Angesichts der jüngsten Verluste auf dem Schlachtfeld in der Ost- und Südukraine versuchte Herr Putin diese Woche, seine Kriegsanstrengungen wiederzubeleben, indem er die Referenden startete und eine Einberufung des Militärs ankündigte, von der russische Beamte sagten, dass sie 300.000 Soldaten in seine Reihen aufnehmen könnte.
Auch die Wehrpflichtbemühungen stießen auf Widerstand, diesmal jedoch von den Russen selbst.
Einige russische Männer, die zuvor den Militärdienst vermieden hatten oder der Invasion der Ukraine gleichgültig gegenüberstanden, haben sich bemüht, das Land zu verlassen, seit Herr Putin am Mittwoch eine, wie er es nannte, „Teilmobilisierung“ angekündigt hat. Flüge aus russischen Städten in Länder, in die Russen ohne Visum einreisen können, sind schnell ausverkauft, während die Linien an Russlands Landgrenzen gewachsen sind, einige erstrecken sich über viele Kilometer.
Und als die ersten Wehrpflichtbescheide eintrafen, fragten Dorfbewohner, Aktivisten und sogar einige gewählte Beamte, warum die Aktion anscheinend viel mehr auf Minderheitengruppen und abgelegene Gebiete als auf Städte abzielt.

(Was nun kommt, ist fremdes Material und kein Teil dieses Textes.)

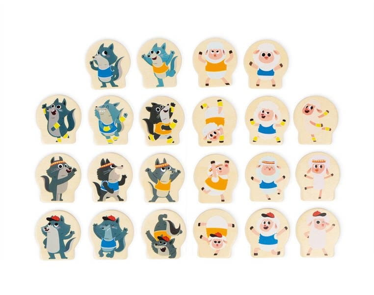 W skład zestawu wchodzi gruba plansza z solidnego kartonu z grafiką łąki, sędziującego łosia i miejscami na ułożenie akrobatycznej piramidy, a także 11 drewnianych żetonów z owieczkami i 11 drewnianych żetonów z wilkami.

Ukrainer, die in vom russischen Militär besetzten Gebieten leben, fürchten, eingezogen zu werden. Das ukrainische Militär teilte am Samstag in einer Erklärung mit, dass in den Regionen Zaporizka und Cherson in der Südukraine bereits Einberufungsbescheide verteilt worden seien.
Olha, eine Ukrainerin, die am Donnerstagabend mit Freunden in Enerhodar, einer von Russland kontrollierten Stadt im Südosten der Ukraine in der Nähe des Kernkraftwerks Saporischschja, sprach, sagte, Männer im Alter zwischen 18 und 35 Jahren würden daran gehindert, die Stadt zu verlassen. Sie sagte, sie sei nervös, dass die Annexion junge Männer dazu zwingen würde, sich dem russischen Militär anzuschließen und gegen andere Ukrainer zu kämpfen.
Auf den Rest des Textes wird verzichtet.